--- Recorded data Enclosed Below ---

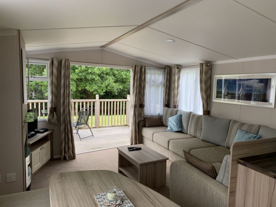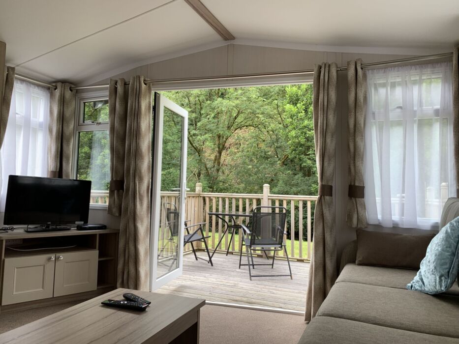Stunning two bed caravan consisting of one double, and one twin room, en-suite toilet room and separate shower room, fully equipped kitchen and dining area, lounge with patio doors that lead on to the verandah, overlooks the fishing stream
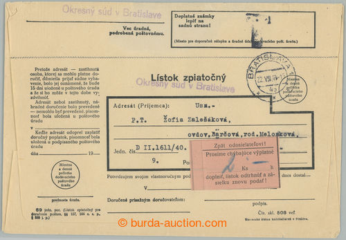 1512 imagePhilately. rose label Back odesilteli!/ Prosime chybajuce vyplatne 2Ks doplnit, listok odtrhnut a zaselku znovu podat!,, mounted on court obsilce with CDS BRATISLAVA 1/ 22.VIII.41; wrinkled margins, rare! (Image) (Image2) (All Images)
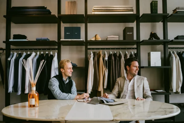 De oprichters, Robbie en Tim, hebben Nassau Tailors opgericht met één duidelijk doel: een maatpak moet je niet in een ‘harnas’ stoppen. Het moet ruimte bieden, je vrijheid geven en het allerbelangrijkste ervoor zorgen dat jij je er op je gemak in voelt. Want het draait niet om wat je draagt, maar hoe jij het draagt. Of je nu een belangrijke vergadering hebt of een speciale gelegenheid, je wilt altijd het gevoel hebben dat je op je best bent.
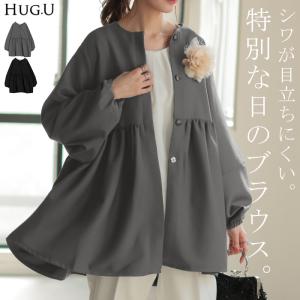 ブラウス ペプラム 体型カバー チュニック レディース トップス シャツ ノーカラー ロング 長袖 羽織 アウター ライトアウター

--- End of Enclosed Recorded data ---

▶ [What to do]: All of the material goes into the answer exactly as it stands, except for the pictures.

▶ [Task solution]:
Stunning two bed caravan consisting of one double, and one twin room, en-suite toilet room and separate shower room, fully equipped kitchen and dining area, lounge with patio doors that lead on to the verandah, overlooks the fishing stream
 1512 imagePhilately. rose label Back odesilteli!/ Prosime chybajuce vyplatne 2Ks doplnit, listok odtrhnut a zaselku znovu podat!,, mounted on court obsilce with CDS BRATISLAVA 1/ 22.VIII.41; wrinkled margins, rare! (Image) (Image2) (All Images)
 De oprichters, Robbie en Tim, hebben Nassau Tailors opgericht met één duidelijk doel: een maatpak moet je niet in een ‘harnas’ stoppen. Het moet ruimte bieden, je vrijheid geven en het allerbelangrijkste ervoor zorgen dat jij je er op je gemak in voelt. Want het draait niet om wat je draagt, maar hoe jij het draagt. Of je nu een belangrijke vergadering hebt of een speciale gelegenheid, je wilt altijd het gevoel hebben dat je op je best bent.
 ブラウス ペプラム 体型カバー チュニック レディース トップス シャツ ノーカラー ロング 長袖 羽織 アウター ライトアウター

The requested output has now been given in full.